SML's Helmandollar is the new Miss Virginia

In beauty pageant drama, it wouldn't make the top 10. When you compare it to Miss California USA Carrie Prejean's comments about same-sex marriage or to the photos that cost Vanessa Williams her Miss America title, it hardly ranks as scandal.

But, for the Miss Virginia Pageant, the fact that a young woman who was not one of the pageant's top five finalists would, because of a series of circumstances, become Miss Virginia is believed to be unprecedented.

And for Chinah Helmandollar, Miss Smith Mountain Lake 2009, it's a stroke of good fortune.

Helmandollar this week assumed the title of Miss Virginia 2009 following the crowning of Fredricksburg's Caressa Cameron as Miss America 2010.

The Hardy woman, who made the top 11 in the 2009 pageant and was fourth runner-up as Miss Greater Franklin County in 2008, succeeded Cameron because the other young women in the top five turned down the title. And that, said Helmandollar, is just fine with her.

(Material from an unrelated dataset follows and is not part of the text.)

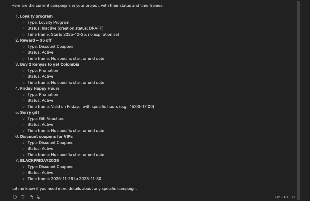 In this scenario, the user wants to learn what Voucherify campaigns there are in the project and if they’re active, have time frames set, and similar details. . This gives a quick overview of needed info about campaigns.
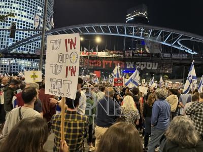 特拉維夫市中心以色列國防部相鄰的比金(Menachem Begin)大道,每週六晚上有成千上萬民眾聚集抗議示威,以支持人質家屬和譴責尼坦雅胡政府。

"It doesn't bother me at all. I've always been about Miss Virginia," she said. "This is the job I've always wanted."

Since she competed for Miss Virginia last summer, Helmandollar has been living at the lake, working at The Cottage Gate at Westlake Towne Center and interning with Sara Elizabeth Timmins, producer of "Lake Effects," a movie Timmins hopes to film this year at Smith Mountain Lake.

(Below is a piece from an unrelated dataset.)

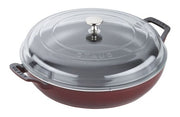 The Staub 3.5-Quart Braiser with Glass Lid is the ultimate cookware for one-pot meals, slow-cooked braises, and simmered soups. Featuring a domed glass lid, this braiser locks in moisture while accommodating large cuts of meat, ensuring your dishes stay juicy and flavorful. Made from high-quality enameled cast iron, it offers exceptional heat retention and even cooking. The black matte enamel interior requires no seasoning and promotes exceptional browning. Rooted in French culinary tradition, Staub cookware is beloved by both home and professional chefs for its durability, craftsmanship, and timeless design. This heirloom-quality braiser transitions seamlessly from stovetop to oven to table, making it as beautiful as it is functional.

Helmandollar found out about her new job on Monday when pageant officials called and asked if she'd accept.

Since then, she's been getting ready to leave SML and assume her duties, a large part of which will involve speaking to school children. And that's something Helmandollar, who majored in theater at James Madison University, said she most looks forward to.

"This is right up my alley. I love speaking at schools," she said. "I want to segue this into what I hope is a lifetime career of performing."

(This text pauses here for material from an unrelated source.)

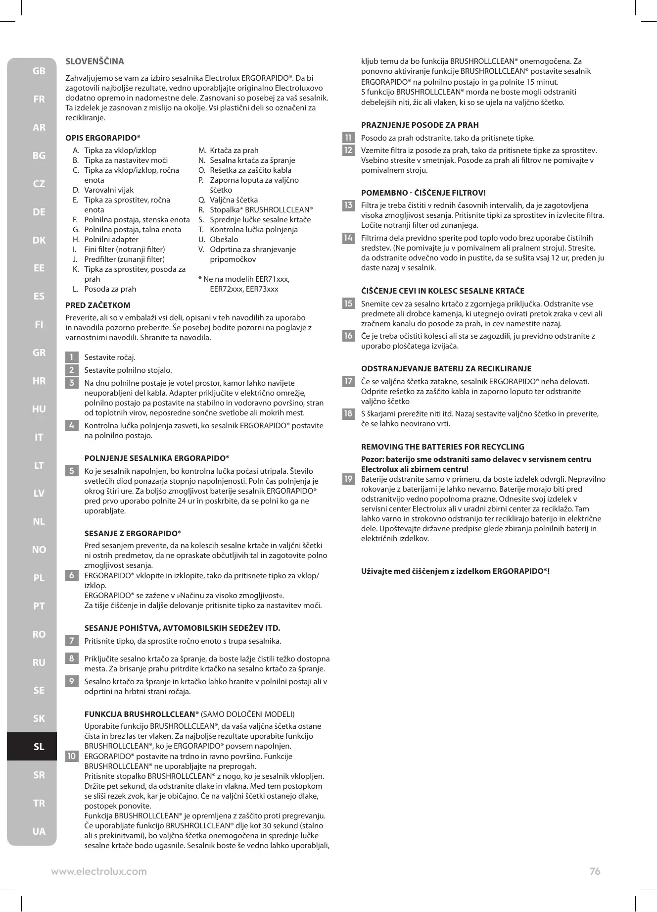 GB FR AR BG CZ DE DK EE ES FI GR HR SLOVENŠČINA Zahvaljujemo se vam za izbiro sesalnika Electrolux ERGORAPIDO®. Da bi zagotovili najboljše rezultate, vedno uporabljajte originalno Electroluxovo dodatno opremo in nadomestne dele. Zasnovani so posebej za vaš sesalnik. Ta izdelek je zasnovan z mislijo na okolje. Vsi plastični deli so označeni za recikliranje. OPIS ERGORAPIDO® A. Tipka za vklop/izklop B. Tipka za nastavitev moči C. Tipka za vklop/izklop, ročna enota D. Varovalni vijak E. Tipka za sprostitev, ročna enota F. Polnilna postaja, stenska enota G. Polnilna postaja, talna enota H. Polnilni adapter I. Fini filter (notranji filter) J. Predfilter (zunanji filter) K. Tipka za sprostitev, posoda za prah L. Posoda za prah

Had she not accepted the title, Helmandollar, 23, could have competed once more for Miss Virginia before aging out.

Bootie Bell Chewning of Vinton, executive producer of the Miss Virginia pageant, said once a young woman secures the Miss Virginia title, she no longer is eligible to compete, and that most likely is why the finalists turned down the title.

Chewning said in her 45 or so years in beauty pageants she's not seen "anything like this happen."

She said she thought both Kylene Barker and Nicole Johnson, Miss Virginia winners who went on to become Miss America, were succeeded by their first runners-up.

"It's just real unusual circumstances, but Chinah can take over and I know she'll do a great job," said Chewning. "She's a very personable, darling girl. How she's matured into such a wonderful young woman is amazing."